* Your assignment *
Every line of the data below is to be given again as it appears, with the images removed.

* The data *
——————
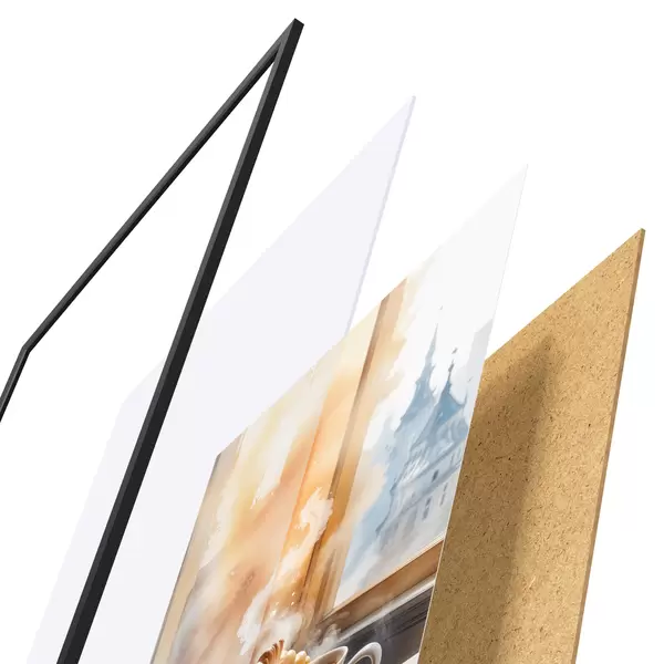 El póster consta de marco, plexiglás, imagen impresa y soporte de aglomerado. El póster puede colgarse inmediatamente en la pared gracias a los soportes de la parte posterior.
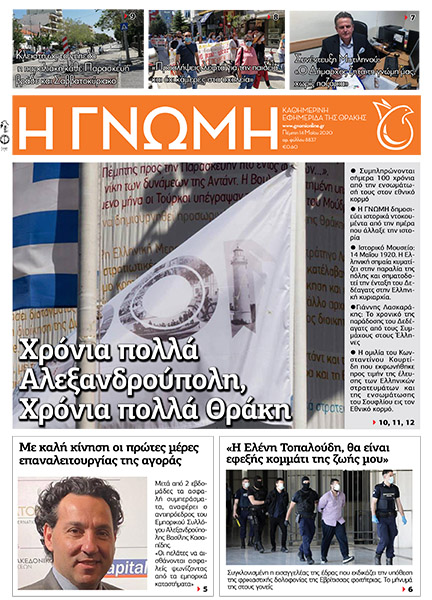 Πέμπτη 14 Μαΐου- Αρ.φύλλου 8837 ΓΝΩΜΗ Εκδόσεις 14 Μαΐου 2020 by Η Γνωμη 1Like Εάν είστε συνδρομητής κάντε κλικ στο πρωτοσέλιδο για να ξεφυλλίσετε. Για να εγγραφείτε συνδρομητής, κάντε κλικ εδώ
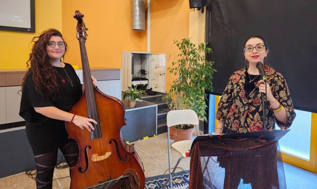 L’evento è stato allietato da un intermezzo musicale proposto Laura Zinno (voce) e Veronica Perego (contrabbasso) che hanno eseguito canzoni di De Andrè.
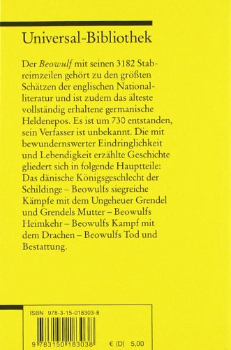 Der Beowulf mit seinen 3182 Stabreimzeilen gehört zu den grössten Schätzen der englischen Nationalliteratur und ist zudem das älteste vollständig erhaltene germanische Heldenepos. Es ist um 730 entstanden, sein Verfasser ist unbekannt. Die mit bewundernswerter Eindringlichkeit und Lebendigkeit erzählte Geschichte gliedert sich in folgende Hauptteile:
——————
* Problem solution *
 El póster consta de marco, plexiglás, imagen impresa y soporte de aglomerado. El póster puede colgarse inmediatamente en la pared gracias a los soportes de la parte posterior.
 Πέμπτη 14 Μαΐου- Αρ.φύλλου 8837 ΓΝΩΜΗ Εκδόσεις 14 Μαΐου 2020 by Η Γνωμη 1Like Εάν είστε συνδρομητής κάντε κλικ στο πρωτοσέλιδο για να ξεφυλλίσετε. Για να εγγραφείτε συνδρομητής, κάντε κλικ εδώ
 L’evento è stato allietato da un intermezzo musicale proposto Laura Zinno (voce) e Veronica Perego (contrabbasso) che hanno eseguito canzoni di De Andrè.
 Der Beowulf mit seinen 3182 Stabreimzeilen gehört zu den grössten Schätzen der englischen Nationalliteratur und ist zudem das älteste vollständig erhaltene germanische Heldenepos. Es ist um 730 entstanden, sein Verfasser ist unbekannt. Die mit bewundernswerter Eindringlichkeit und Lebendigkeit erzählte Geschichte gliedert sich in folgende Hauptteile:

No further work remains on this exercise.